Так всегда бывало после осенних бурь в Лопахине, поражавших меня своей дикостью и первобытной силой: вдруг падал ветер, уходила на юг косая стена дождя, переставали страшно шуметь на Овражках деревья. Куда-то исчезал шалый дух разрушения, бессмысленно гремевший железом на крышах. Осторожно открывались двери, и лопахинцы робко выглядывали в переулки, усеянные обломками водосточных труб, ветками, дранкой, которую ветер неизменно приносил с мельницы – там был станок, на котором делали дранку. Тесьма возвращалась в свои берега, и в городе наступала тишина.

С этим чувством вдруг наступившей тишины я занялась после отъезда Андрея своими институтскими делами. Мне предстоял пятый курс, государственные экзамены. Работа на кафедре, которую поручил мне Николай Васильевич, была едва начата.

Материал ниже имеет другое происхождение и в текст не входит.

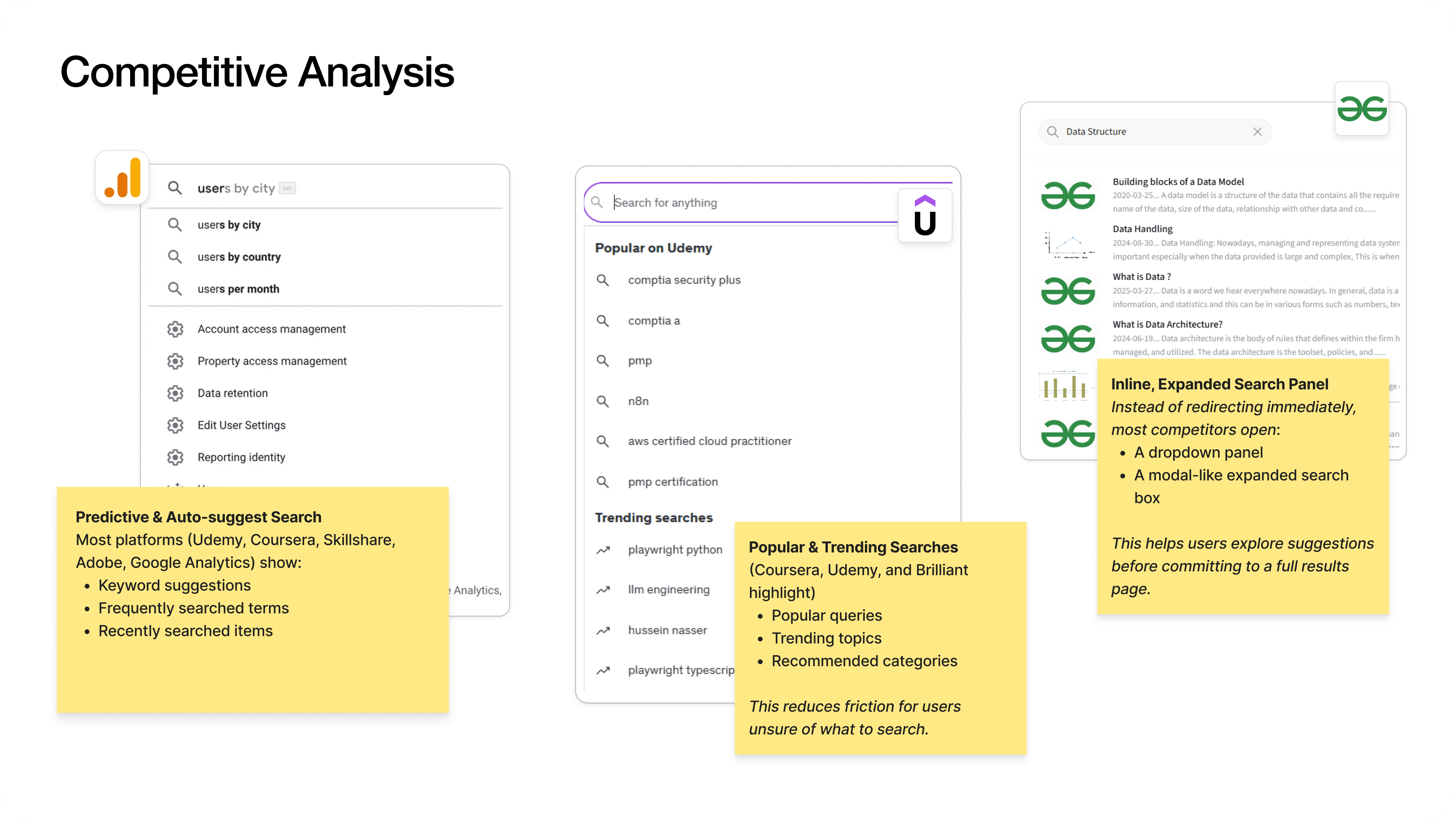 To design an efficient, user-friendly search feature, I conducted a competitive analysis of direct and indirect competitors. By studying common patterns, edge cases, and best practices across multiple platforms, I identified key insights to create a highly functional and effective search experience.

Больше я не ходила на съезд, только слышала от Рубакина, что с интересной речью выступил Крамов, который сообщил об организации в Москве Института биохимии микробов. «Вот куда бы попасть», – с восторгом сказал Рубакин. Сотрудники нашей кафедры звали меня на заключительное заседание, но я не пошла, отговорившись болезнью Василия Алексеевича, которому становилось все хуже. Это была правда. Я проводила у Быстровых целые дни и часто оставалась ночевать, чтобы сменить измученную, отчаявшуюся Лену. Впрочем, волнение; растерянность, отчаяние исчезли из этого дома, когда стала совершенно ясна безнадежность положения больного. О том, что было неизбежно, неотвратимо, никто не упоминал ни словом, и только Марию Никандровну я иногда заставала на кухне стоящей у окна и молча глотающей слезы.

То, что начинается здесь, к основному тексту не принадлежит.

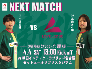 【Ladies】4/4(土) 朝日インテック・ラブリッジ名古屋戦 試合…

В приемной было много народу, и с первого взгляда я поняла, что ждать придется долго – часа два или три. Это не очень испугало меня, потому что я захватила с собой учебники гигиены – нетрудный предмет, который можно отлично изучать и в приемной. Впрочем, вскоре пришлось пожалеть, что я не взяла с собой «ушные и горловые», потому что соседи заметили, что я занимаюсь, и стали говорить шепотом, а когда какой-то парень громко зевнул над самым моим ухом, все укоризненно посмотрели на него, а одна старушка спросила с негодованием: «Дома не выспался?» И парень покраснел до ушей.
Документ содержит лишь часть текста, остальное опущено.